• _INSTRUCTIONS TO FOLLOW_
Copy out the lines beginning with the one that contains "美術館帰りにお立ち寄りくださいました♪ 今日はグリーンコーデ🍋‍🟩 #帯揚げ" and ending with the last line below, exactly as they stand. Pictures are not copied.

-- RECORDS FOR THIS TASK follows --

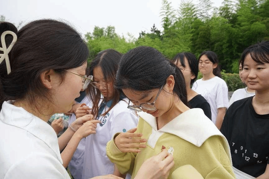 在廉园的许白昊的雕像前,在嘹亮的国歌声后,公司领导和毕业生党员代表为新发展的党员佩戴党徽,毕业生党员夏文新祝愿新党员们不忘初心,砥砺前行。随后,全体师生党员们面向党旗重温入党誓词。
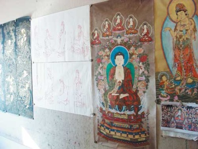 没过几天,刘姓画商马上又来了,告诉刘章崐,济南的朋友说他画的像都非常好。云南有一个大寺院,可能在大理。那儿的老百姓都信佛,来寺院的香客都请佛像,有的是有偿的,有的是无偿的,弄得挺好。济南这个朋友认识寺院的住持,他们需要的量很大,托他请刘章崐再画一百罗汉,宽一些的。
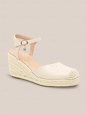 More information about Women's Beige Closed-Toe Ankle-Strap Espadrille Wedge Sandals with Rhinestone Detail - Perfect for Summer Days
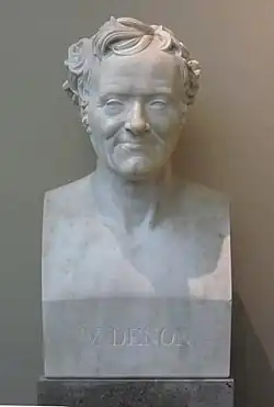 - Retrato de Dominique Vivant Denon (1747 - 1825) busto como hermès, mármol, París, museo del Louvre Guyena en Burdeos ", figurilla (esbozo), barro cocido, Burdeos, museo de Aquitania
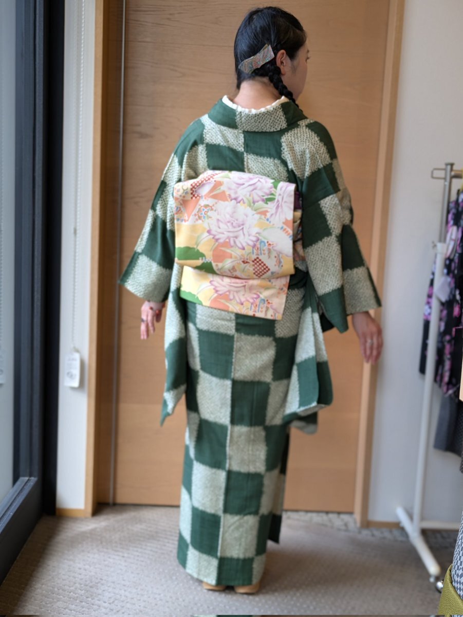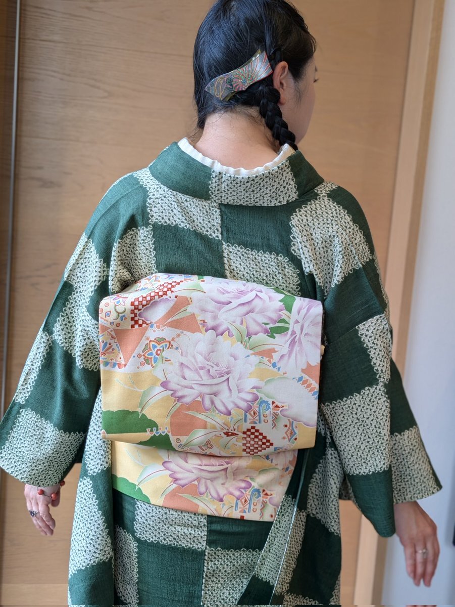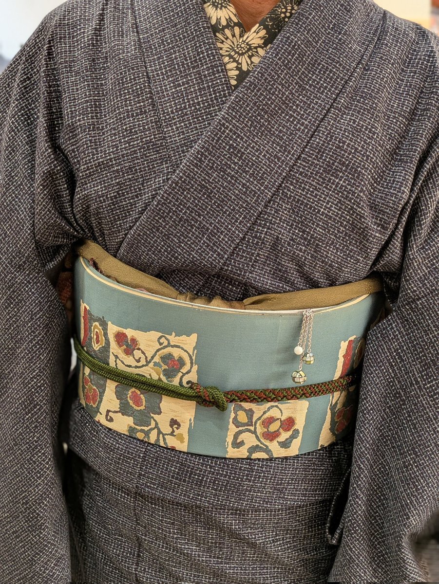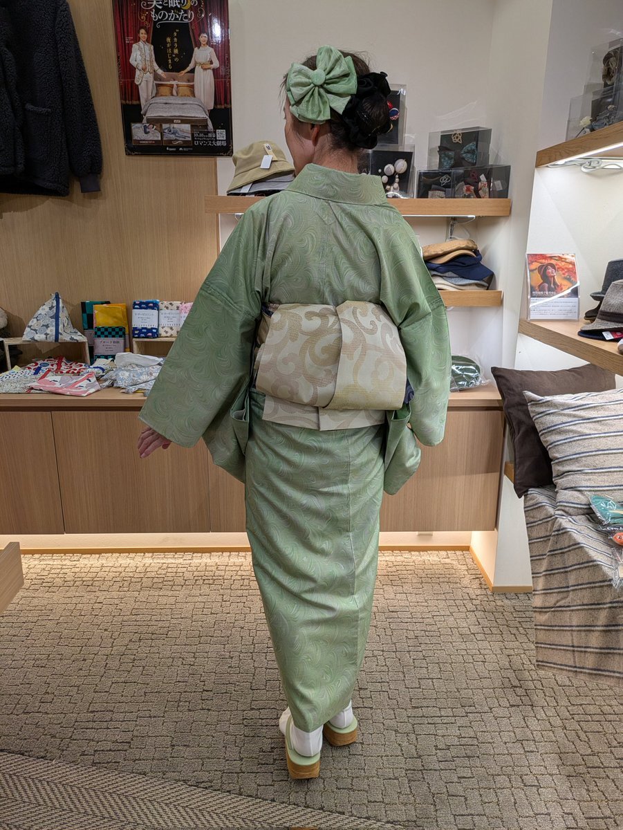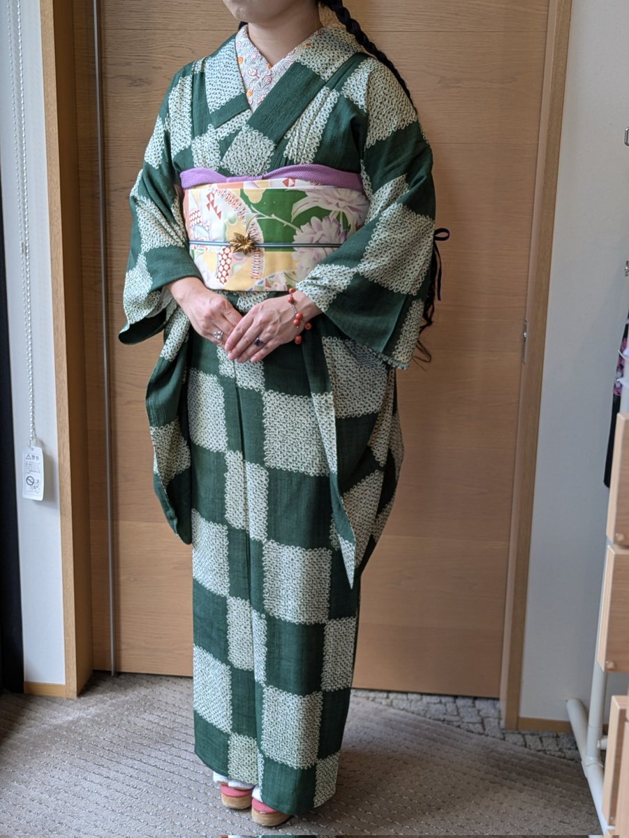 美術館帰りにお立ち寄りくださいました♪ 今日はグリーンコーデ🍋‍🟩 #帯揚げ は、レースをご自分で染められたもの #根付け のとんぼ玉もお手製 #羽織紐 はネックレスをリメイク💎 きもの姿と手作りをたのしんでおられますね☺ 素敵なコーディネートをありがとうございます😊 #着物コーデ #着物生活 pic.x.com/E4Xmd56BoG
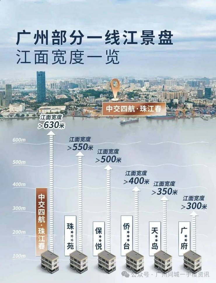 要知道,珠江新城豪宅依附的江面,宽度仅约400米;而越秀天河的江景房,江面基本只有约300米。

-- RECORDS FOR THIS TASK concluded --

• _EXERCISE RESPONSE_
 美術館帰りにお立ち寄りくださいました♪ 今日はグリーンコーデ🍋‍🟩 #帯揚げ は、レースをご自分で染められたもの #根付け のとんぼ玉もお手製 #羽織紐 はネックレスをリメイク💎 きもの姿と手作りをたのしんでおられますね☺ 素敵なコーディネートをありがとうございます😊 #着物コーデ #着物生活 pic.x.com/E4Xmd56BoG
 要知道,珠江新城豪宅依附的江面,宽度仅约400米;而越秀天河的江景房,江面基本只有约300米。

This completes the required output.